WORK INSTRUCTIONS —
Among the entries below, only the lines starting at the one with "Eine große Goldtrophäe, die" and ending at the one with "此外,設計師還按岸邊的高大樹", both included, are to be printed exactly.

PROVIDED DATA —

* * *

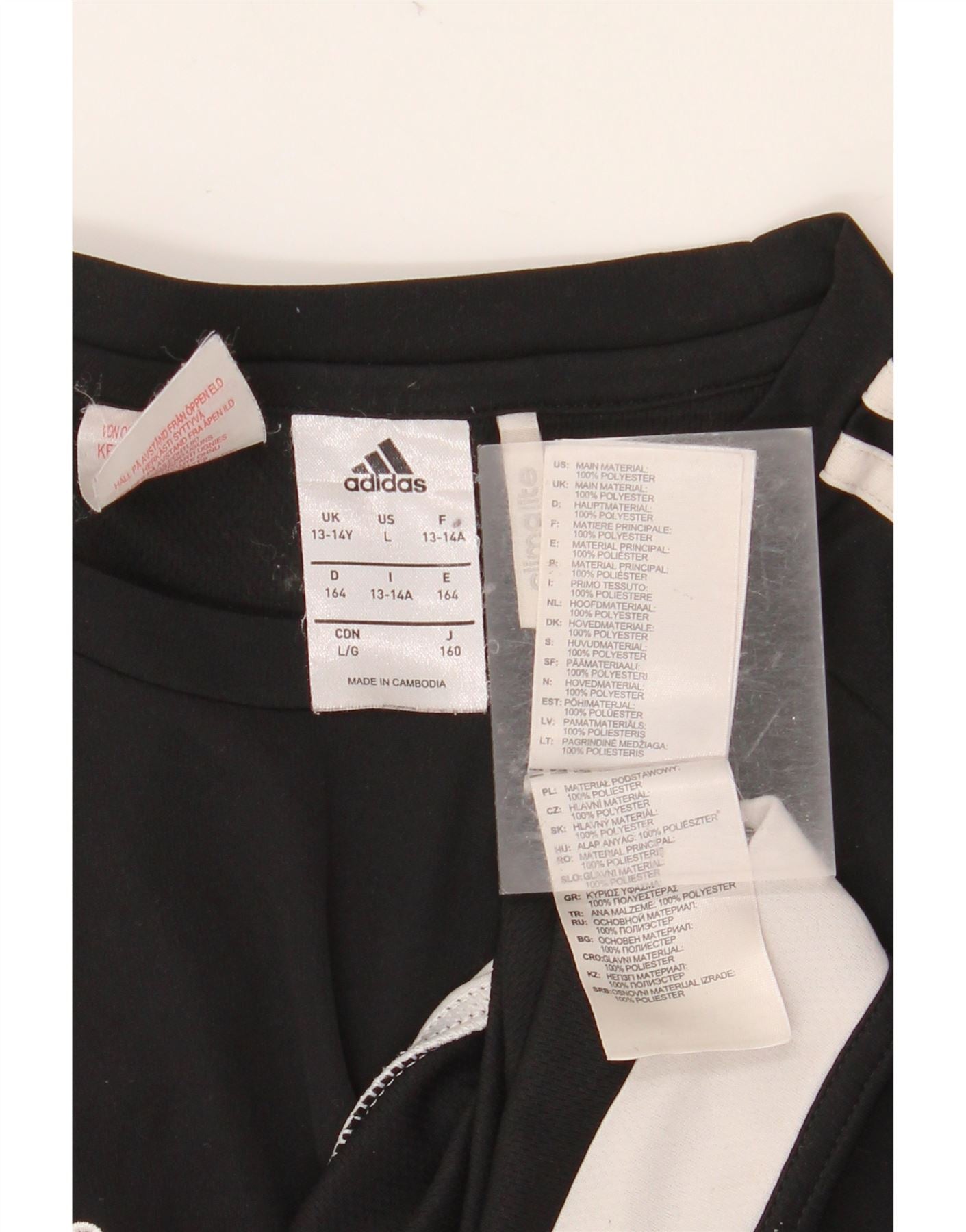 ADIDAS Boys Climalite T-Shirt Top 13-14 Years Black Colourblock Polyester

* * *

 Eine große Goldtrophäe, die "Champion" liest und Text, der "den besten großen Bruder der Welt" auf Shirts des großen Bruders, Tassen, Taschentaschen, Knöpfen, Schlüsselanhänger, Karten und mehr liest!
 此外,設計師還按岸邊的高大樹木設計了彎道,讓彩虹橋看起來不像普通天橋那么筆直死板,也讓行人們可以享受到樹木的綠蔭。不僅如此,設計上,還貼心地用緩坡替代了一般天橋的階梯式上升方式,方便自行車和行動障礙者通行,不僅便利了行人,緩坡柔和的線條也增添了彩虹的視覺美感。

* * *

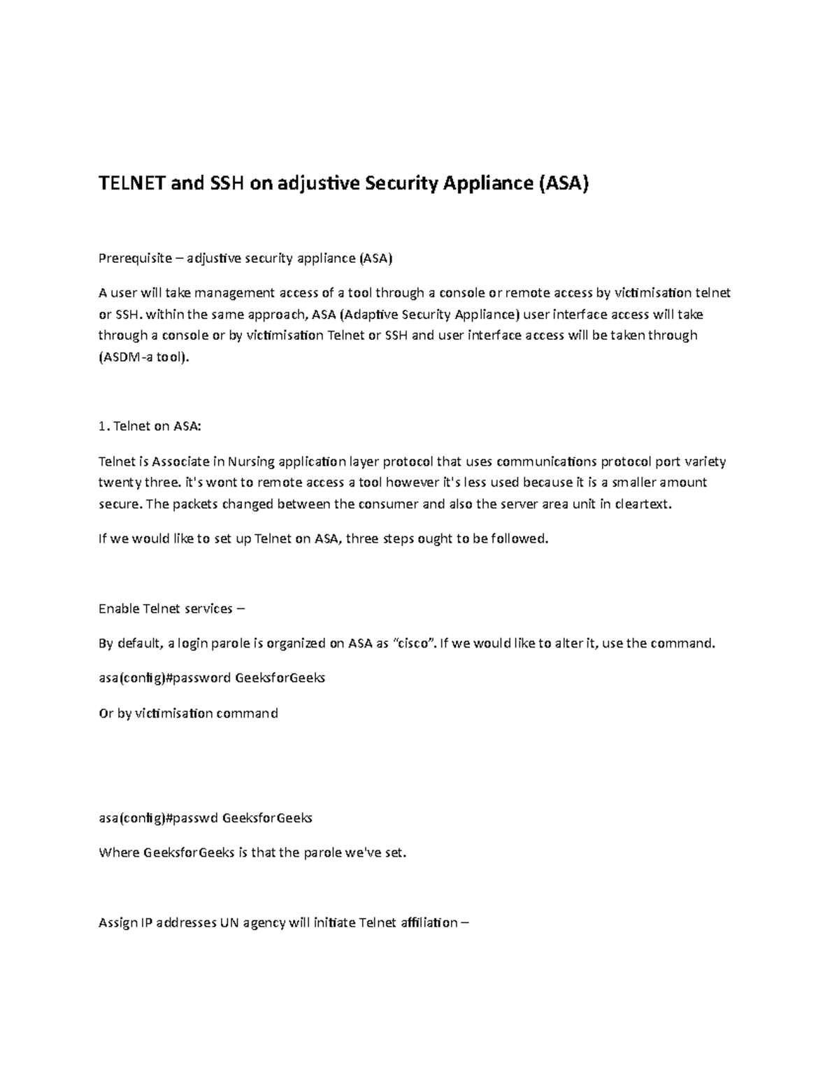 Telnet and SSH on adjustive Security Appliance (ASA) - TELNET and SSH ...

* * *

COMPLETED EXERCISE —
 Eine große Goldtrophäe, die "Champion" liest und Text, der "den besten großen Bruder der Welt" auf Shirts des großen Bruders, Tassen, Taschentaschen, Knöpfen, Schlüsselanhänger, Karten und mehr liest!
 此外,設計師還按岸邊的高大樹木設計了彎道,讓彩虹橋看起來不像普通天橋那么筆直死板,也讓行人們可以享受到樹木的綠蔭。不僅如此,設計上,還貼心地用緩坡替代了一般天橋的階梯式上升方式,方便自行車和行動障礙者通行,不僅便利了行人,緩坡柔和的線條也增添了彩虹的視覺美感。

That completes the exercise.